• WHAT YOU ARE ASKED TO DO: In the copy, include no pictures, but reproduce every record exactly.

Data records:

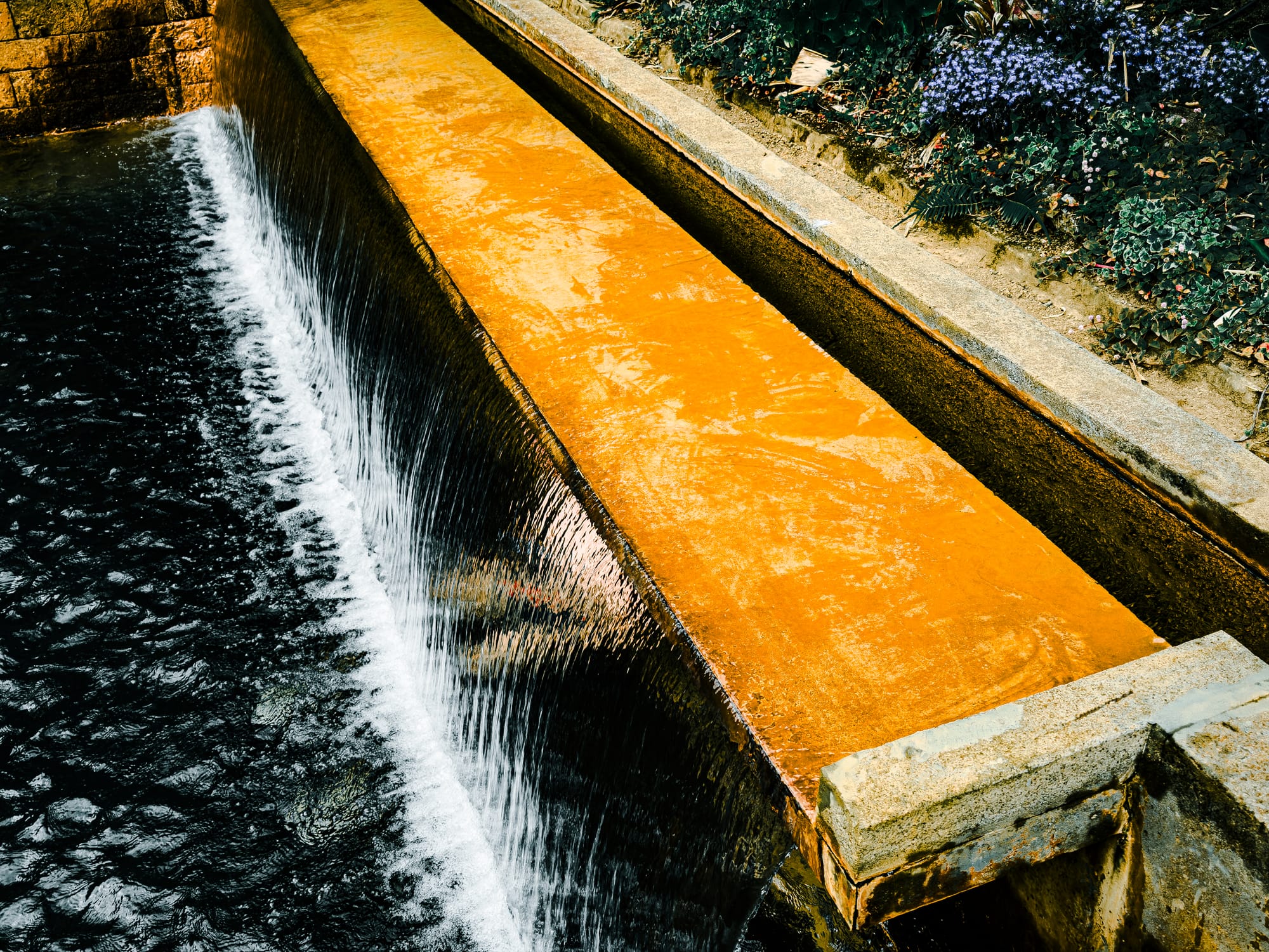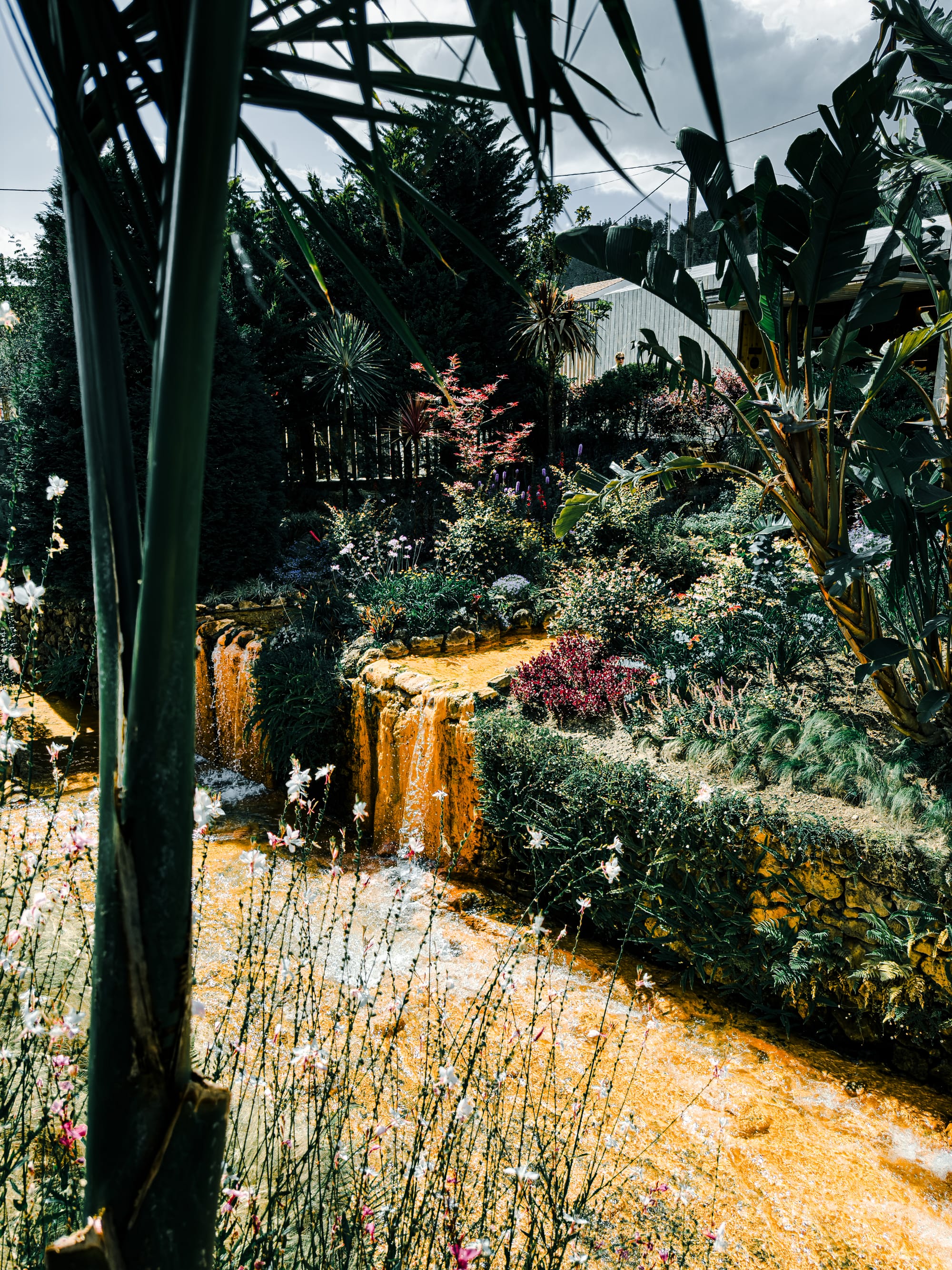A stream of ochre-colored water snakes through the site, trickling past flower beds, moss-covered stairs, and tropical plants.
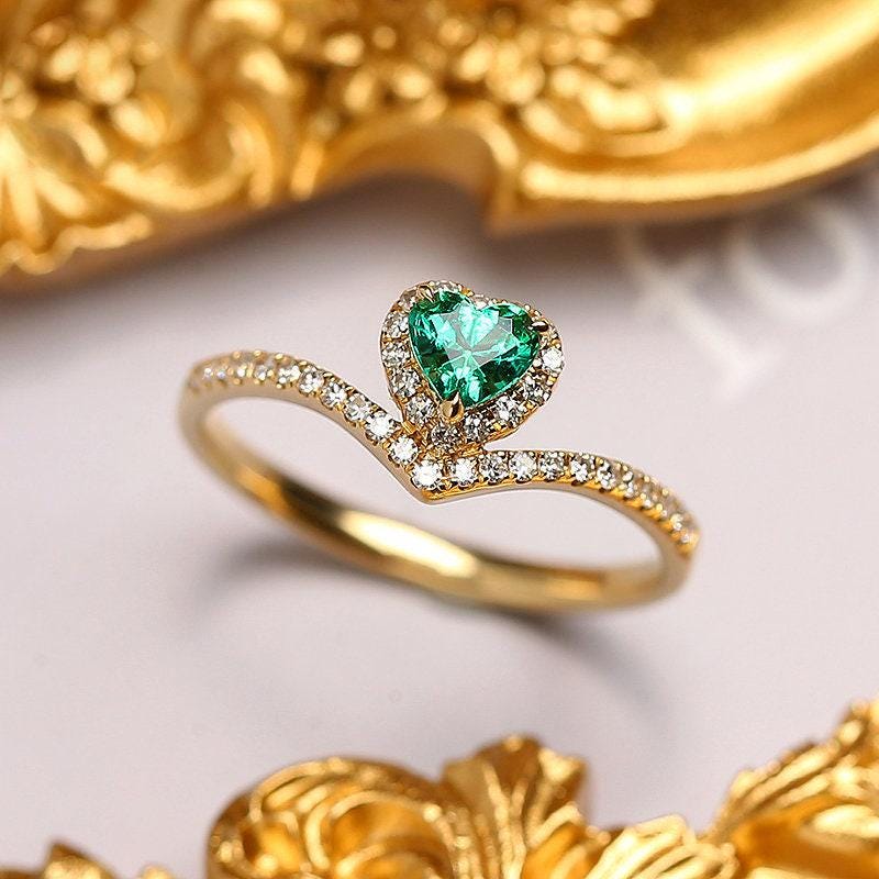 • Center Stone: Natural Emerald from Colombia, Heart Cut Approx 0.42ct (IF Color, 5A Color)
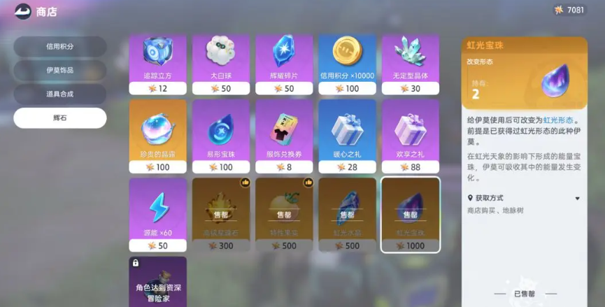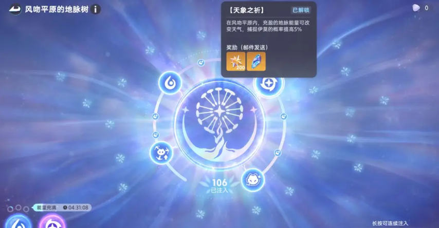 虽然这里大家可以通过随机的天气来获取这些特殊类型的宠物,但是在有一定需求,也比较紧急的情况下,大家也可以通过手动的方式来进行更改,这里的话建议大家可以查看自己手中有没有道具,手动更改天气操作是非常简单的,因为这里有一个道具叫做虹光水晶,它是被地脉兽吸收以后,可以引发虹光天象的一个道具,也就是说就算自然天气没有大家想要的情况下,使用它就能调整当前大家所处区域之内的天气情况,变成虹光天气,但是使用的前提是有一定的条件的。
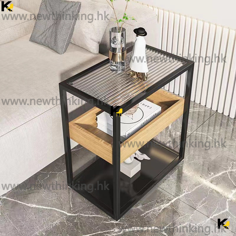 A&0610免安裝茶几 床頭櫃 邊幾 邊櫃 沙發角櫃 萬向輪可移動小桌子 置物架 超窄長虹玻璃枱面 夾縫枱
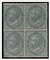 REGNO D'ITALIA - 1863, Tiratura di Torino, 5 c.verde grigio (T16) blocco di quattro ben centrato. Raro. (Cert. R. Diena)(GOMMA INTEGRA)
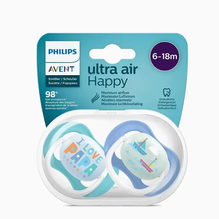 מוצצי אולטרא אייר "הפי" לתינוקות בני 6-18 חודשים הם מוצצים קלים ונושמים, בעלי פתחי אוויר גדולים שמתאימים לעורו הרגיש של התינוק, משאירים פחות סימנים ואינם מגרה את העור. הפטמה האורתודנטית רכה, בעלת מרקם משי מרגיע. ניתן לבצע חיטוי במיקרוגל באמצעות קופסת האחסון.
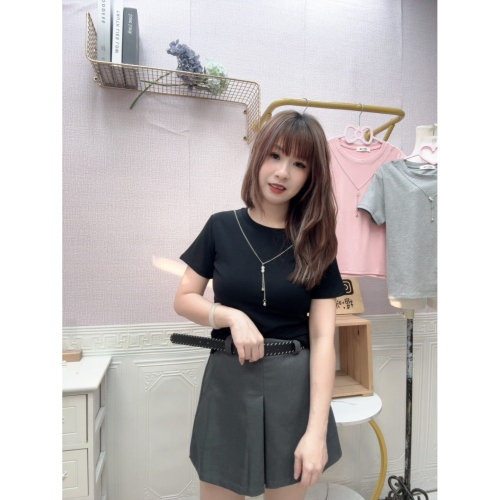 預購商品15天, 出貨時間3-14天(不包含假日) ❤A342💡個性素面附項鍊螺紋棉彈力上衣🎨黑白灰粉📏胸42~54cm 長48cm 💰399 材質:針織

• ANSWER AREA:
A stream of ochre-colored water snakes through the site, trickling past flower beds, moss-covered stairs, and tropical plants.
 • Center Stone: Natural Emerald from Colombia, Heart Cut Approx 0.42ct (IF Color, 5A Color)
 虽然这里大家可以通过随机的天气来获取这些特殊类型的宠物,但是在有一定需求,也比较紧急的情况下,大家也可以通过手动的方式来进行更改,这里的话建议大家可以查看自己手中有没有道具,手动更改天气操作是非常简单的,因为这里有一个道具叫做虹光水晶,它是被地脉兽吸收以后,可以引发虹光天象的一个道具,也就是说就算自然天气没有大家想要的情况下,使用它就能调整当前大家所处区域之内的天气情况,变成虹光天气,但是使用的前提是有一定的条件的。
 A&0610免安裝茶几 床頭櫃 邊幾 邊櫃 沙發角櫃 萬向輪可移動小桌子 置物架 超窄長虹玻璃枱面 夾縫枱
 REGNO D'ITALIA - 1863, Tiratura di Torino, 5 c.verde grigio (T16) blocco di quattro ben centrato. Raro. (Cert. R. Diena)(GOMMA INTEGRA)
 מוצצי אולטרא אייר "הפי" לתינוקות בני 6-18 חודשים הם מוצצים קלים ונושמים, בעלי פתחי אוויר גדולים שמתאימים לעורו הרגיש של התינוק, משאירים פחות סימנים ואינם מגרה את העור. הפטמה האורתודנטית רכה, בעלת מרקם משי מרגיע. ניתן לבצע חיטוי במיקרוגל באמצעות קופסת האחסון.
 預購商品15天, 出貨時間3-14天(不包含假日) ❤A342💡個性素面附項鍊螺紋棉彈力上衣🎨黑白灰粉📏胸42~54cm 長48cm 💰399 材質:針織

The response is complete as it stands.